Tert-butyl-4-(4-(3-((1r,3R,5S,7r)-3,5-dimethyladamantan-1-yl)ureido)-3-fluorobenzyl) −1,4-diazepane-1-carboxylate (31).

According to the synthetic process of compound 3, compound 31 as a light yellow oil (5.82 g) was obtained by taking used tert-butyl-4-(4-amino-3-fluorobenzyl)-1,4-diazepane-1-carboxylate 30 (5.24 g, 16.22 mmol) as starting material, compound 31, which was used without further purification, ESI-MS: m/z 529.3 [M+H]⁺.

1-(4-((1,4-Diazepan-1-yl)methyl)-2-fluorophenyl)-3-((1r,3R,5S,7r)-3,5-dimethyl adamantan-1-yl)urea (32).

According to the synthetic process of compound 20, compound 32 as a light yellow oil (4.15 g) was obtained by taking used tert-butyl-4-(4-(3-((1r,3R,5S,7r)-3,5-dimethyladamantan-1-yl)ureido)-3-fluorobenzyl)-1,4-diazepane-1-carboxylate 31 (5.82 g, 11.0 mmol) as starting material, compound 32, which was used without further purification, ESI-MS: m/z 529.45 [M+H]⁺.

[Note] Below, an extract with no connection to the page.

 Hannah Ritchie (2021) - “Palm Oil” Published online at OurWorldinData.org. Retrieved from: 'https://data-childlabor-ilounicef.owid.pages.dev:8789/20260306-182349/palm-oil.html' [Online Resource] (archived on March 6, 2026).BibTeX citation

Tert-butyl-4-(2-(4-(4-(3-((1r,3R,5S,7r)-3,5-dimethyladamantan-1-yl)ureido)-3-fluorobenzyl)-1,4-diazepan-1-yl)-2-oxoethyl)piperidine-1-carboxylate (33).

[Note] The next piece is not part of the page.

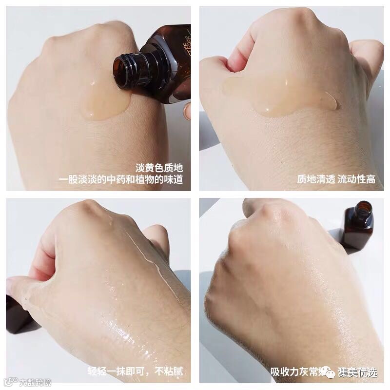 茶色半透明质地,上手第一感觉就像鸡蛋清一样的柔滑,流动性很好,滴在手背上,能很好的流动开。且闻着有淡淡的中药灵芝味,简直是老少通吃~很多小仙女都是自己和妈咪一人一瓶的备着的哦!

According to the synthetic process of compound 5, compound 33 as a light yellow oil (4.94 g) was obtained by taking used 1-(4-((1,4-diazepan-1-yl)methyl)-2-fluorophenyl)-3-((1r,3R,5S,7r)-3,5-dimethyladamantan-1-yl)urea 32 (4.15 g, 9.70 mmol) and 2-(1-(tert-butoxycarbonyl)piperidin-4-yl)acetic acid (2.72 g, 11.64 mmol) as starting material, compound 33, which was used without further purification, ESI-MS: m/z 654.5 [M+H]⁺.

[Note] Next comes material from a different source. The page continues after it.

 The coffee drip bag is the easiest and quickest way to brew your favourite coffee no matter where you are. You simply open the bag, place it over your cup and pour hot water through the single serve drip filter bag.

1-((1r,3R,5S,7r)-3,5-Dimethyladamantan-1-yl)-3-(2-fluoro-4-((4-(2-(piperidin-4-yl) acetyl)-1,4-diazepan-1-yl)methyl)phenyl)urea (34).

According to the synthetic process of compound 20, compound 34 as a light yellow oil (3.77 g) was obtained by taking used tert-butyl-4-(2-(4-(4-(3-((1r,3R,5S,7r)-3,5-dimethyladamantan-1-yl)ureido)-3-fluorobenzyl)-1,4-diazepan-1-yl)-2-oxoethyl)piperidine-1-carboxylate 33 (4.94 g, 7.57 mmol) as starting material, compound 34, which was used without further purification, ESI-MS: m/z 554.43 [M+H]⁺.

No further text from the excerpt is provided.